Divyakant Solanki/European Pressphoto Agency
A female photographer with an English language magazine was raped by
five men in Mumbai Thursday evening, undercutting Mumbai’s image as the
rare Indian city where women can safely move about in public spaces. The assault echoed the gang rape and murder of a woman in New Delhi in December, which set off an unprecedented wave of protests.
The woman, 22, arrived at the abandoned, desolate compound of Shakti Mills, a defunct textile factory, around 6 p.m., accompanied by a male colleague. She was taking photographs of the area, now a trendy hub for media and advertising companies, for a magazine article about Mumbai’s chawls, or tenements for workers who were once employed in the mills.
Under Indian law, the authorities are not permitted to release the name of a rape victim or, in this case, the name of her employer.
The authorities said that five men accosted and assaulted the two journalists inside the compound. The male journalist was tied up and beaten before the young woman was raped.
“There were five men in total, though it is as yet unclear whether they were all involved in raping the girl,” Satyapal Singh, the Mumbai police commissioner, said. “They tied the hands of her colleague using a belt and they hit him with a belt, but he was not severely injured.”
Doctors at Jaslok Hospital, where the woman was brought on Thursday evening, said that she had suffered external and internal injuries but that she was expected to make a full recovery. “As of now, she is stable and Jaslok Hospital is doing its best,” Dr. Tarang Gianchandani, a hospital administrator, said in a statement.

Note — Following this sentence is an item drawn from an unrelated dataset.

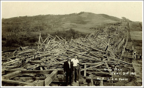 wreckage of the Minnewashta Bridge near Uno, in 1915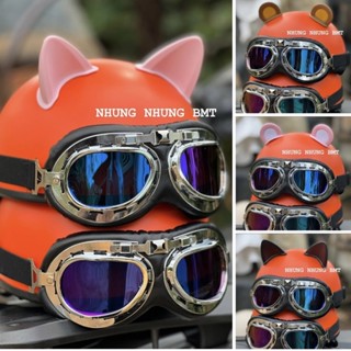 Nón bảo hiểm kính phi công kèm tai mèo tai gấu tai thỏ mắt ếch đáng iu, hàng chất lượng loại 1

On Friday morning, in an unusually rapid response, the Mumbai police arrested one of the five attackers, and the police said they had identified the others.
“One of the five has been arrested and he admitted he was there along with some others,” Mr. Singh said at a news conference Friday afternoon. The police have released sketches of the five men, based on the woman’s report.
The five attackers are in their early 20s and live in an area near the abandoned textile mill, Mr. Singh said. Two of them have criminal records, he said. The police have not released their names.
After the December attack, in which a physiotherapy student was gang-raped and beaten to death and her male friend severely beaten, tens of thousands protested for weeks, demanding a safer environment for women and heavier penalties for sexual assault. In March, India revised its colonial-era laws on sexual assault, imposing heavier punishments for violence against women and designating stalking and voyeurism as criminal offenses.
Under the new laws, the suspects will be subject to a minimum punishment of 20 years and a maximum of life imprisonment, if convicted.
While Mumbai, India’s financial capital, is widely considered one of the country’s safest cities, recent events have brought that into question. According to statistics from the Praja Foundation, a nonprofit organization in Mumbai, 207 rape cases were registered in the city in 2011 and 2012, a 15 percent increase over 2010. The number of reported rapes nationwide is widely believed to be much lower than the actual number.
Rafiq Maqbool/Associated Press
The assault on the journalist in Mumbai has not brought protesters
to the streets, but it triggered outrage and intense anger in the Indian
news media. On Friday afternoon, about 50 journalists held a silent
protest in Hutatuma Square at the heart of Mumbai’s financial district.On Friday, R.R. Patil, the home minister of Maharashtra state, of which Mumbai is the capital, told the Indian news media that female journalists reporting from isolated areas would be provided police protection, an idea that did not go over well with some.
“As a journalist, I should have the freedom to report from where I want, at par with my male colleagues,” Deepti Sachdeva, a reporter with the Times Now television network, posted on Twitter.
Gurbir Singh, an editor at BusinessWorld magazine, accused the Mumbai police of failing to clean up abandoned buildings and prevent them from becoming safe houses for criminals. “The mill in question had been lying abandoned for some years and had become a center for drug abuse, the sale of illicit liquor and all sorts of criminal activities, and the police were aware of this,” Mr. Singh said.